Directions —
Output the data below line for line, exactly, up to and including the line where "Gold Elegant Women's" appears.

----

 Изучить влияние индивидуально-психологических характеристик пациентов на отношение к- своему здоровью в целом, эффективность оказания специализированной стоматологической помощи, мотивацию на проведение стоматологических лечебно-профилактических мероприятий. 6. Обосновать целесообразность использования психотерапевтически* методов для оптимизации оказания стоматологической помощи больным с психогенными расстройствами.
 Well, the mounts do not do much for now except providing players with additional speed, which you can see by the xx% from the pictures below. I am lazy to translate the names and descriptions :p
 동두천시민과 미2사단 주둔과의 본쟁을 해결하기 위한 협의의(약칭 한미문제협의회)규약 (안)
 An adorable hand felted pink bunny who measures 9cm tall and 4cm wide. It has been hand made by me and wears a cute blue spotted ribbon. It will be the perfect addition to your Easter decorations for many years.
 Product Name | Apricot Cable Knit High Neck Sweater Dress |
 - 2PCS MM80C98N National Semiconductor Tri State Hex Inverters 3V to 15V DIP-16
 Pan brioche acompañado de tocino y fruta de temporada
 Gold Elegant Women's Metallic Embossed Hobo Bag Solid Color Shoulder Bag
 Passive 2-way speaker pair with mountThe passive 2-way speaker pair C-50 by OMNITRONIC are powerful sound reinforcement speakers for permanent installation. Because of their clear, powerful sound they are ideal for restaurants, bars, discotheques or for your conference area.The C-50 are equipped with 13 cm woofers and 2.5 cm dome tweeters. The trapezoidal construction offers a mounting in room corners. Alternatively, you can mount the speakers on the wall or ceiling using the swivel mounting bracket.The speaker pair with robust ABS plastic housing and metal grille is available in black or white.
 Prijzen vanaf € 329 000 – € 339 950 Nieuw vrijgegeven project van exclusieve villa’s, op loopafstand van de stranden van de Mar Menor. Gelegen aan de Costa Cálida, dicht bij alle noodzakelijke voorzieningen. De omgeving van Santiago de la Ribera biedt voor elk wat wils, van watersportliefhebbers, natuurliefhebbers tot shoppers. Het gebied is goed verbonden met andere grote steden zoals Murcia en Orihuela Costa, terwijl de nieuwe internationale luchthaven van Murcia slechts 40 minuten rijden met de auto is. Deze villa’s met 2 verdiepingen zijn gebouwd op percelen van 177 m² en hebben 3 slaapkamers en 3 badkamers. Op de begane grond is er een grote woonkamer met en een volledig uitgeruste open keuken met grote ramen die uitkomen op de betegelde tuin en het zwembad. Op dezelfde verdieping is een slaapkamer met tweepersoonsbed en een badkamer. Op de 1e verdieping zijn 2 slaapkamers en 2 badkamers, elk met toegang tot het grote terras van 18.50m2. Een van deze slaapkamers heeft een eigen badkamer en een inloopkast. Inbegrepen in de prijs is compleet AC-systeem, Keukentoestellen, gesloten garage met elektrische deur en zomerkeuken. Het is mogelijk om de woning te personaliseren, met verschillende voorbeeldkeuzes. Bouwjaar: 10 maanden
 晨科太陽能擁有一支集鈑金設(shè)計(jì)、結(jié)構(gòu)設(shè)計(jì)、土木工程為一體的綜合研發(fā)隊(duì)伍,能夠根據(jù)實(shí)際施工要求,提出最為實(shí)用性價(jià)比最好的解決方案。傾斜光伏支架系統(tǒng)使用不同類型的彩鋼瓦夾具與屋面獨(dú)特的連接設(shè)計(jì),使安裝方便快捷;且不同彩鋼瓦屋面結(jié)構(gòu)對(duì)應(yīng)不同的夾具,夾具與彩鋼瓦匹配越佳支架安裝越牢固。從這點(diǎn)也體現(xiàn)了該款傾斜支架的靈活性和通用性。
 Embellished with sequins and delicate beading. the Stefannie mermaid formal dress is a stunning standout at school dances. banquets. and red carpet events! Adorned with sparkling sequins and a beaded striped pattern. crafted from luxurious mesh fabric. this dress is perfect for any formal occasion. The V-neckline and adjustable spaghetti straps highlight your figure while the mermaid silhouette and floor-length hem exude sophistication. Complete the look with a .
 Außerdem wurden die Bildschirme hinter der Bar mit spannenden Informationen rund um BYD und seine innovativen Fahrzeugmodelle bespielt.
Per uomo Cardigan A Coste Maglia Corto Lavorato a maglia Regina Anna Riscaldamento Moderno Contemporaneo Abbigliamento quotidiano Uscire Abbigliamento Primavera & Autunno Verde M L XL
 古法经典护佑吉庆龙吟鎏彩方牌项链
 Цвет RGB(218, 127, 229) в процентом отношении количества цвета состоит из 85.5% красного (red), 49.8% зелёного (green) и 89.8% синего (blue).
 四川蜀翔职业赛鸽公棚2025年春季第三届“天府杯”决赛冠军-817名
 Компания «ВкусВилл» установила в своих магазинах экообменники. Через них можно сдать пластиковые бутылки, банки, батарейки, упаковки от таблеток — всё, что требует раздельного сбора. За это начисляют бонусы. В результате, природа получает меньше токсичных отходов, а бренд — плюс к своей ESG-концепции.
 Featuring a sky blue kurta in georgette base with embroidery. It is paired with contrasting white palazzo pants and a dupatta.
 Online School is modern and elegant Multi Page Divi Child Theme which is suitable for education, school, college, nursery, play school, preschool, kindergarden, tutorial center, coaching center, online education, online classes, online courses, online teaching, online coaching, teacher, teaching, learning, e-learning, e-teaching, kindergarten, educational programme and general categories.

----

Solution —
 Изучить влияние индивидуально-психологических характеристик пациентов на отношение к- своему здоровью в целом, эффективность оказания специализированной стоматологической помощи, мотивацию на проведение стоматологических лечебно-профилактических мероприятий. 6. Обосновать целесообразность использования психотерапевтически* методов для оптимизации оказания стоматологической помощи больным с психогенными расстройствами.
 Well, the mounts do not do much for now except providing players with additional speed, which you can see by the xx% from the pictures below. I am lazy to translate the names and descriptions :p
 동두천시민과 미2사단 주둔과의 본쟁을 해결하기 위한 협의의(약칭 한미문제협의회)규약 (안)
 An adorable hand felted pink bunny who measures 9cm tall and 4cm wide. It has been hand made by me and wears a cute blue spotted ribbon. It will be the perfect addition to your Easter decorations for many years.
 Product Name | Apricot Cable Knit High Neck Sweater Dress |
 - 2PCS MM80C98N National Semiconductor Tri State Hex Inverters 3V to 15V DIP-16
 Pan brioche acompañado de tocino y fruta de temporada
 Gold Elegant Women's Metallic Embossed Hobo Bag Solid Color Shoulder Bag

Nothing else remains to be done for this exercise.